What to work on: Beginning with the line that holds "2024 Select WNBA" in the data below, give again every line through the one that holds "Донские сфинксы —", exactly as written.

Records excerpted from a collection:
+-------+
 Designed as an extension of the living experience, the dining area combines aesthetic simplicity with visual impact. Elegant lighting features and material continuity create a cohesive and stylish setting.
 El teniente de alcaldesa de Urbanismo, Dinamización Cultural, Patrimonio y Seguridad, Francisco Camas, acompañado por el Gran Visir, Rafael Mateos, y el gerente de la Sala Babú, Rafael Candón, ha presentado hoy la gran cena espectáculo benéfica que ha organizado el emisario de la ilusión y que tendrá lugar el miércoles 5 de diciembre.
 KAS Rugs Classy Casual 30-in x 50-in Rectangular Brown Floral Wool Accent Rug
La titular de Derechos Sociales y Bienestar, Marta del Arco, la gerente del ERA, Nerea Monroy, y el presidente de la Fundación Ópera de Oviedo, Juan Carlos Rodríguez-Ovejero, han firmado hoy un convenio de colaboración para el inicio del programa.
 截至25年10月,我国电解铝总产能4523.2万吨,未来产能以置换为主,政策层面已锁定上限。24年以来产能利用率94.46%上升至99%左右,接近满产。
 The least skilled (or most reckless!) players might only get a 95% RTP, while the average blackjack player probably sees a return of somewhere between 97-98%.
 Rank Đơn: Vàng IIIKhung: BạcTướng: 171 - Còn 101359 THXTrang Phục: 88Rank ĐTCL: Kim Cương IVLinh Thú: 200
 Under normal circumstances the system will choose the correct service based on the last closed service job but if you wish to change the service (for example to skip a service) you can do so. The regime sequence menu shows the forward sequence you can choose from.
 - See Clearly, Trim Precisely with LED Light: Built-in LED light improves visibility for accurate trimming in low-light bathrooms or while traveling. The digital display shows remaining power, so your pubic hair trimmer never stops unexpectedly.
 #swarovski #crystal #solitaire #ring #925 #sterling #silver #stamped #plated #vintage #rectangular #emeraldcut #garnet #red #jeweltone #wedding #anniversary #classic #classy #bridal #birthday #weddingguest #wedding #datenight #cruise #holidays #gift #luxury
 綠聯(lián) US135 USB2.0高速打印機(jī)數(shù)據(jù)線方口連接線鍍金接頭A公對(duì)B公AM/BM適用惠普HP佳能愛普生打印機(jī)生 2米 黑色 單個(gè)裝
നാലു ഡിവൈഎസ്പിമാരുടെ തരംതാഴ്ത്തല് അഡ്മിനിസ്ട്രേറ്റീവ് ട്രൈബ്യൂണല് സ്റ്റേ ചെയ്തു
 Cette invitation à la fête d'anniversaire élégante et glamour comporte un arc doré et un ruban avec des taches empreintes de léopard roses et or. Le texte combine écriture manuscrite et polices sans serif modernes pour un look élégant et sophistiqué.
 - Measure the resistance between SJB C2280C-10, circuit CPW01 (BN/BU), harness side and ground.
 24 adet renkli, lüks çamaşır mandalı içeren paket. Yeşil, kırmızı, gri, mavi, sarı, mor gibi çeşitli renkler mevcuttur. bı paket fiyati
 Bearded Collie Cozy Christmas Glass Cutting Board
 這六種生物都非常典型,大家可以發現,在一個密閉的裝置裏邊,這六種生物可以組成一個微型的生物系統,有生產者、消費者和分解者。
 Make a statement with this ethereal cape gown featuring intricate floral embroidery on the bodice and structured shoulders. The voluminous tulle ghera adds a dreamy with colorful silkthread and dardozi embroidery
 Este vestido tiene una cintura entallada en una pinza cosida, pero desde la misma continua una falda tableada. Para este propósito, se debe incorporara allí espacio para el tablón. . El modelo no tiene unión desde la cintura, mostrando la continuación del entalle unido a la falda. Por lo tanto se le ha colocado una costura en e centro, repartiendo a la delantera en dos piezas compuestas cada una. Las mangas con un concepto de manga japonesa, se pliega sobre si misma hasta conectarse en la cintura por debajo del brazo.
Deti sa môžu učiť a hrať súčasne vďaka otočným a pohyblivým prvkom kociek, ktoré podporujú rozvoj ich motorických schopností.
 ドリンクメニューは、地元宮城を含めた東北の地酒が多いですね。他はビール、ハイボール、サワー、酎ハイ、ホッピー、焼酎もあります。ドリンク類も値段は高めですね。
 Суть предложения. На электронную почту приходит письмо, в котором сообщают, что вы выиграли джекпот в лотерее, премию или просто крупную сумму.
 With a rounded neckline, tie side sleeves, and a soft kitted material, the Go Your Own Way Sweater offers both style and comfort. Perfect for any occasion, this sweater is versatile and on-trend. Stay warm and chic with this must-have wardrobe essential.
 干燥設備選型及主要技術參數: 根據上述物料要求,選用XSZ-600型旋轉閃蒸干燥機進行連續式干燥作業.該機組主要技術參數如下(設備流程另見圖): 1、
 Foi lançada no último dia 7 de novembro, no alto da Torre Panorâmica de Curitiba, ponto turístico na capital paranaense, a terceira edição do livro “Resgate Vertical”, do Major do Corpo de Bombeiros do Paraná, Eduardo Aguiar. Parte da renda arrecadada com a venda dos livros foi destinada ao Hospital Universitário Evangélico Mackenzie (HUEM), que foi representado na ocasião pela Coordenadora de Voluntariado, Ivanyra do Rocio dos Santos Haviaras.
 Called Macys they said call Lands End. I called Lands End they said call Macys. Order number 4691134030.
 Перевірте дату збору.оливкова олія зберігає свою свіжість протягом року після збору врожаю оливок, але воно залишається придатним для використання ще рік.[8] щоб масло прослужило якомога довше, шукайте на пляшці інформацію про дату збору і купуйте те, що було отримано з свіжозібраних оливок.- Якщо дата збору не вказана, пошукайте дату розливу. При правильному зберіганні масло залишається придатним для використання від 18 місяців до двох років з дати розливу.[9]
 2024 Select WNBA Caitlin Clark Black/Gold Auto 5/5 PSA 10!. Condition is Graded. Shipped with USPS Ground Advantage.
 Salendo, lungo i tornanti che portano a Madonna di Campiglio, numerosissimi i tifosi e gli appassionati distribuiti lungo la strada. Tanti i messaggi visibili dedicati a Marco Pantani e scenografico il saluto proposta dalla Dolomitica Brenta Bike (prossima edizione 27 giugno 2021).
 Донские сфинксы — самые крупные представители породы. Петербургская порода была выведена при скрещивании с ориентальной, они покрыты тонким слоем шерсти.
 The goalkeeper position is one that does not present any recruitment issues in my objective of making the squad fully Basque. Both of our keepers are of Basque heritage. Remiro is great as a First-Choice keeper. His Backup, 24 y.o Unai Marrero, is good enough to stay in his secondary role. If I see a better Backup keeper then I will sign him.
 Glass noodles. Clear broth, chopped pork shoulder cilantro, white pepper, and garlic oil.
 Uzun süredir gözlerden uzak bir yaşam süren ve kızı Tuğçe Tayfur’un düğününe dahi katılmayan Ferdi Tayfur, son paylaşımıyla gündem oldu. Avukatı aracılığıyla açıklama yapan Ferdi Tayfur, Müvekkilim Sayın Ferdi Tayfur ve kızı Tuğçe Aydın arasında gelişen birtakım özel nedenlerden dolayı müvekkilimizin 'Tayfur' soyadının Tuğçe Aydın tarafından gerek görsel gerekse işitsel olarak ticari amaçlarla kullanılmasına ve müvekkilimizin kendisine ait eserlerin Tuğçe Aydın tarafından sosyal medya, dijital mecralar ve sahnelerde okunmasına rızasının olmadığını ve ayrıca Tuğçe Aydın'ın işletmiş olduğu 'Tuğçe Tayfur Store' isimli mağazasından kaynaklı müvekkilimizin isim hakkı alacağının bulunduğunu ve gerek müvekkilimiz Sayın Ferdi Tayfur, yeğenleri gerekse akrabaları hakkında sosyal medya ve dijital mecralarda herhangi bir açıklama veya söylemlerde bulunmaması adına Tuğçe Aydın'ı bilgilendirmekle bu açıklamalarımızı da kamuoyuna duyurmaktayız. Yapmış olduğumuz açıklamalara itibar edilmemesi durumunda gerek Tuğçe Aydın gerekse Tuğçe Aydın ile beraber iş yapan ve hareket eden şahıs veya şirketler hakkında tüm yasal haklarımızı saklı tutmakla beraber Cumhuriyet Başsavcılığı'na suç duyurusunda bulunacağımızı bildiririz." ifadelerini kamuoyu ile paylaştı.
+-------+
Written reply:
 2024 Select WNBA Caitlin Clark Black/Gold Auto 5/5 PSA 10!. Condition is Graded. Shipped with USPS Ground Advantage.
 Salendo, lungo i tornanti che portano a Madonna di Campiglio, numerosissimi i tifosi e gli appassionati distribuiti lungo la strada. Tanti i messaggi visibili dedicati a Marco Pantani e scenografico il saluto proposta dalla Dolomitica Brenta Bike (prossima edizione 27 giugno 2021).
 Донские сфинксы — самые крупные представители породы. Петербургская порода была выведена при скрещивании с ориентальной, они покрыты тонким слоем шерсти.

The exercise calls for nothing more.